# Confusion about Entity Embeddings of Categorical Variables - Working Example!

Problem Statement: I have problem making the Entity Embedding of Categorical Variable works for a simple dataset. I have followed the original github, or paper, or other blogposts[1,2,or this 3], or this Kaggle kernel; still not working.
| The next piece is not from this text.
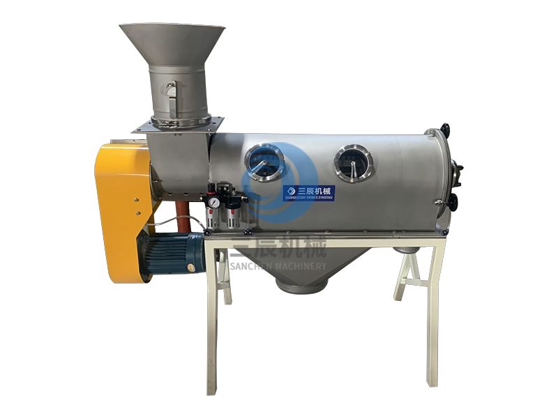 篩機由電機、機座、篩箱、進出料推進裝置等組成。物料由料斗經(jīng)螺旋輸送進入篩箱,分流葉片連續(xù)轉(zhuǎn)動,形成了物料在篩箱內(nèi)不斷的更新推進,使物料產(chǎn)生運動沖向篩網(wǎng),細料通過篩網(wǎng)落入成品倉,粗料繼續(xù)向前推進,在粗料口排出,從而達到理想的篩分效果。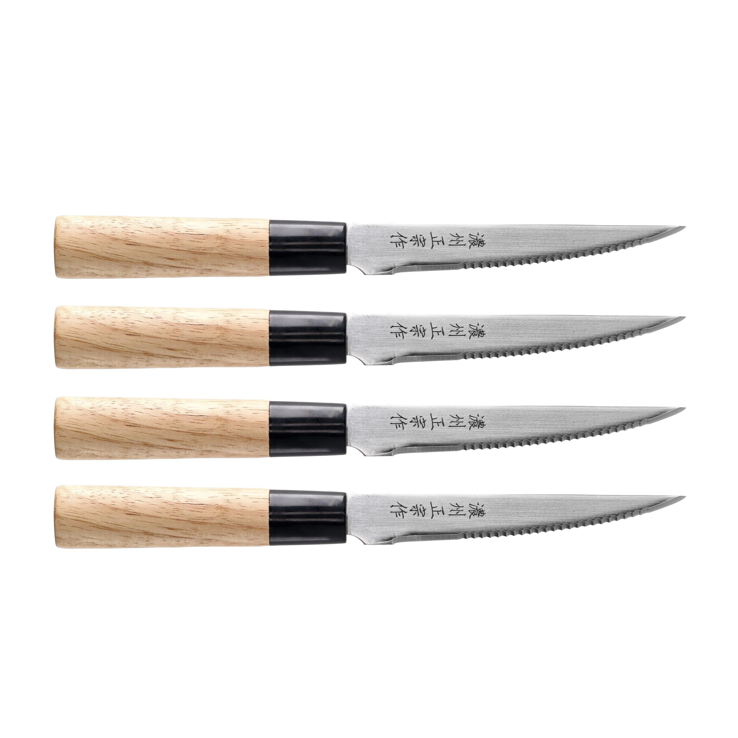 Dzięki doskonałemu stosunkowi jakości do ceny noże Satake Megumi Classic stanowią dobre wprowadzenie w świat tradycyjnych noży japońskich. Głownie noży wykonano z wysokowęglowej stali nierdzewnej 420J2 hartowanej do twardości ok. 56 HRC. Ten popularny gatunek stali cechuje się wysoką odpornością na korozję i co ważne dla początkujących mistrzów kuchni noże ze stali 420J2 łatwo i szybko się ostrzy nawet za pomocą klasycznej stalki. Smukła głownia z ząbkowaną krawędzią tnącą z łatwości radzi sobie z cięciem mięsa, nie szarpiąc przy tym jego włókien. Nóż Satake Megumi do steków może być także wykorzystywany do codziennej obróbki mięsa i krojenia wędlin.

Data Part: I am using the Ames Housing dataset as was hosted in Kaggle. I'm loading it in pandas dataframe as:

url = 'http://www.amstat.org/publications/jse/v19n3/decock/AmesHousing.xls'
# Load the file into a Pandas DataFrame


For simplicity, out of 81 independent features, I am ONLY taking the Neighborhood, which is categorical, and the Gr Liv Area, which is numerical. And SalePrice, which is our target. I also split the data into train, and test and normalize the numerical variables.

features = ['Neighborhood','Gr Liv Area']
target = ['SalePrice']
data_df=data_df[features + target]

X_train, y_train = data_df.iloc[:2000][features], data_df.iloc[:2000][target]
X_test = data_df.iloc[2000:][features]

X_train['Gr Liv Area']=StandardScaler().fit_transform(X_train['Gr Liv Area'].reshape(-1, 1))
y_train=StandardScaler().fit_transform(y_train)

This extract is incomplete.